_What this task involves_. Could you give the data below again exactly, apart from the pictures?

_Source material_.

--------------------------------

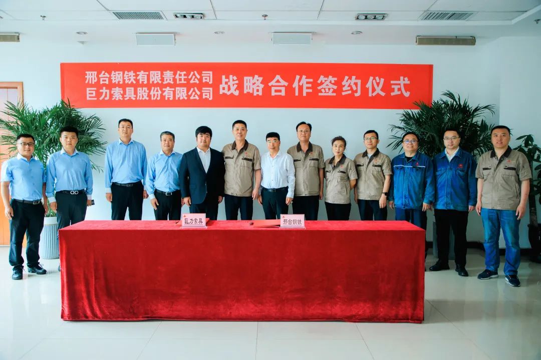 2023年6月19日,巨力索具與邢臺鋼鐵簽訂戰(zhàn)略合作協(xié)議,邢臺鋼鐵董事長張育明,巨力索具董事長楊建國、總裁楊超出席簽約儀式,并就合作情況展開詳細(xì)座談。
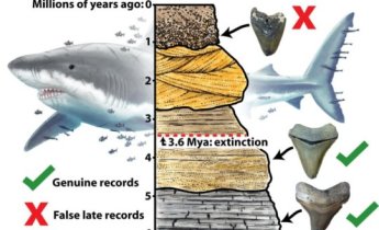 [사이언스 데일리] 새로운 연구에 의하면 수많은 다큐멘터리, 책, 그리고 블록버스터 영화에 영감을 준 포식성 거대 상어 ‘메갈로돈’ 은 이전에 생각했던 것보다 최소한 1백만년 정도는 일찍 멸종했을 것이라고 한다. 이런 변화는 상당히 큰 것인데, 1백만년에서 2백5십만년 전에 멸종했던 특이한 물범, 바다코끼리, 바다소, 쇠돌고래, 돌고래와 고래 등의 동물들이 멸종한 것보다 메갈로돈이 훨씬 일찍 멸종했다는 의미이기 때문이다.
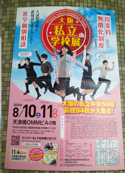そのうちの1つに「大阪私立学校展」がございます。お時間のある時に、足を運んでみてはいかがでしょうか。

--------------------------------

_Answer area_.
 2023年6月19日,巨力索具與邢臺鋼鐵簽訂戰(zhàn)略合作協(xié)議,邢臺鋼鐵董事長張育明,巨力索具董事長楊建國、總裁楊超出席簽約儀式,并就合作情況展開詳細(xì)座談。
 [사이언스 데일리] 새로운 연구에 의하면 수많은 다큐멘터리, 책, 그리고 블록버스터 영화에 영감을 준 포식성 거대 상어 ‘메갈로돈’ 은 이전에 생각했던 것보다 최소한 1백만년 정도는 일찍 멸종했을 것이라고 한다. 이런 변화는 상당히 큰 것인데, 1백만년에서 2백5십만년 전에 멸종했던 특이한 물범, 바다코끼리, 바다소, 쇠돌고래, 돌고래와 고래 등의 동물들이 멸종한 것보다 메갈로돈이 훨씬 일찍 멸종했다는 의미이기 때문이다.
そのうちの1つに「大阪私立学校展」がございます。お時間のある時に、足を運んでみてはいかがでしょうか。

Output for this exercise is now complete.